While it feels good to play, relying on Input.GetKey is a bit risky. It means we’re hardcoding the value of a specific key being pressed, which doesn’t allow the user to configure keys themselves. It would also be an issue if this game was ported to another device, such as mobile. A better option would be to use Input.GetAxis and Input.GetButton to avoid these issues.

Loading Scenes

The game handles loading scenes a bit differently between GameManager.cs and LevelComplete.cs.

In GameManager.cs, we have:

void Restart()
{
    SceneManager.LoadScene(SceneManager.GetActiveScene().name);
}

While in LevelComplete.cs, we have:

public void LoadNextLevel()
{
    SceneManager.LoadScene(SceneManager.GetActiveScene().buildIndex + 1);
}

Both do the job effectively, but are slightly different. One relies on a BuildIndex to load a scene, while the other relies on getting a build’s name. Neither is incorrect, but for consistency, I would probably prefer using GetActiveScene().buildIndex

Score.cs

While classes, methods, and variables are well-named throughout this codebase, perhaps the only exception is Score.cs.
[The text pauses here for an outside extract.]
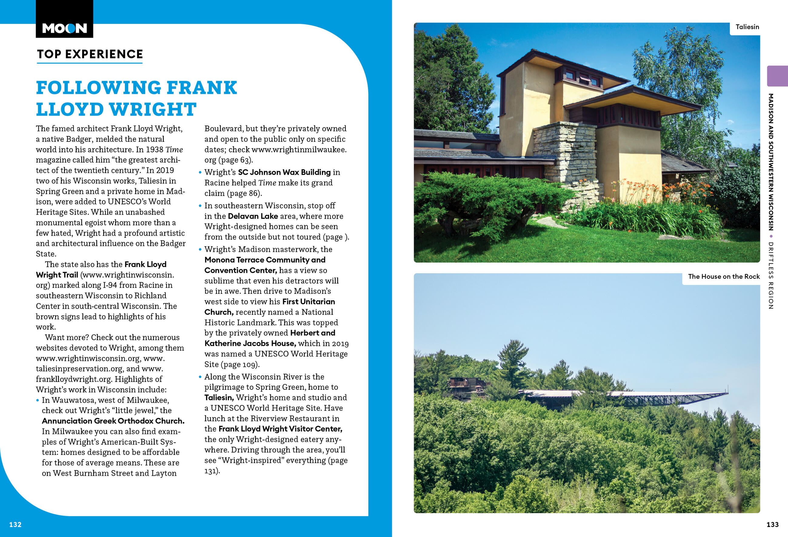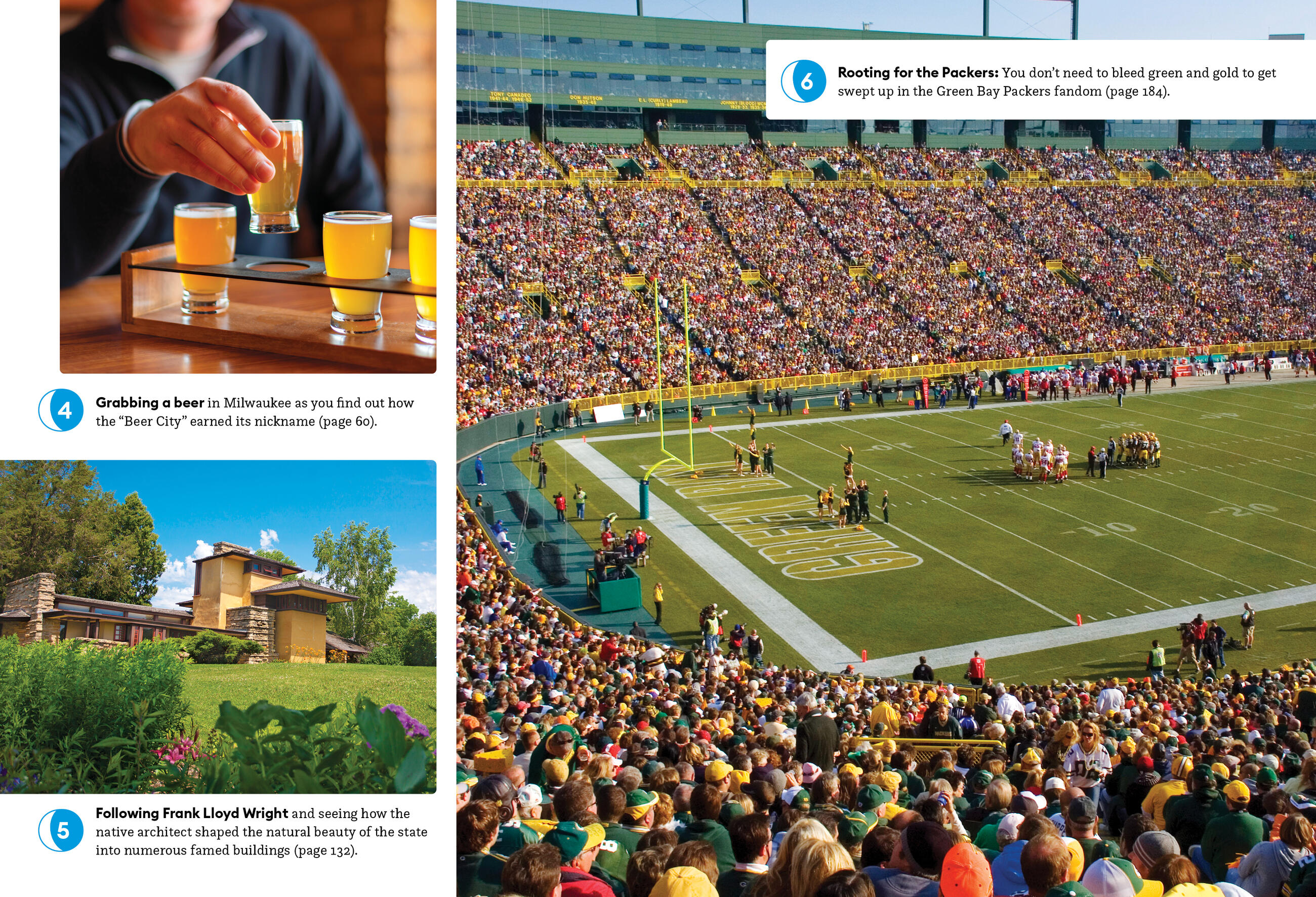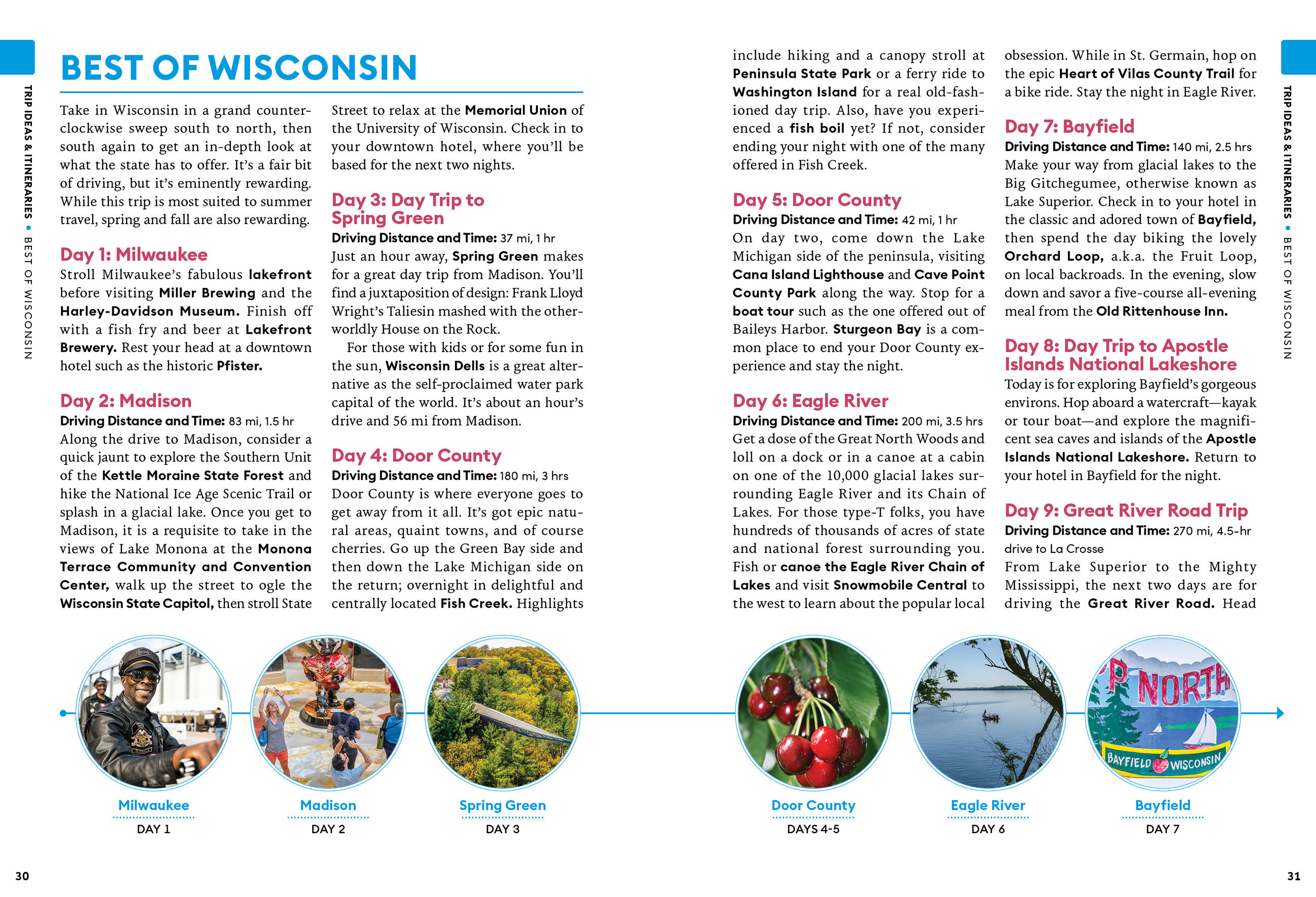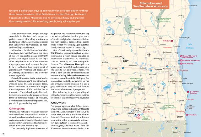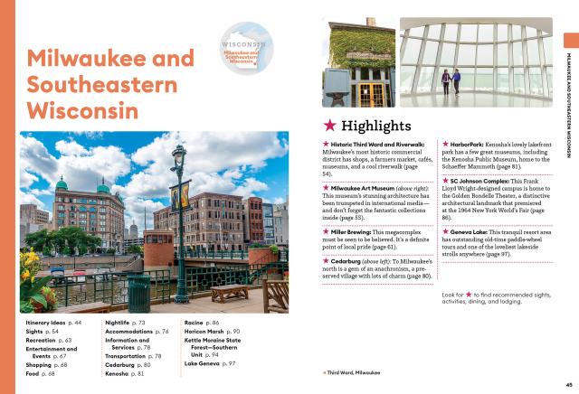 - Strategic itineraries, from a weekend in Milwaukee or Madison to a 10-day trip exploring the best of the state, with advice for architecture buffs, foodies, families, outdoor adventurers, and more

Score.cs is actually not a score. It is dynamically displaying the distance the player has travelled. So a more appropriate name could be something like DistanceTravelled.cs

RigidBody on Obstacle

The Obstacle game object has a RigidBody attached. In hindsight, this feels unnecessary. With a RigidBody attached, it means that the obstacle will move slightly in response to the player’s impact. If that’s the effect we’re going for, then that works fine.

If, however, we want the obstacle to remain immovable, we could just remove the RigidBody from it without negatively affecting anything else.

What Next?

This prototype is a good base for a fun game. It has simple mechanics, and with good level design and interesting challenges, it could be an addictive game. I can visualize adding all sorts of other fun features, such as moving obstacles, power-ups, lives, etc.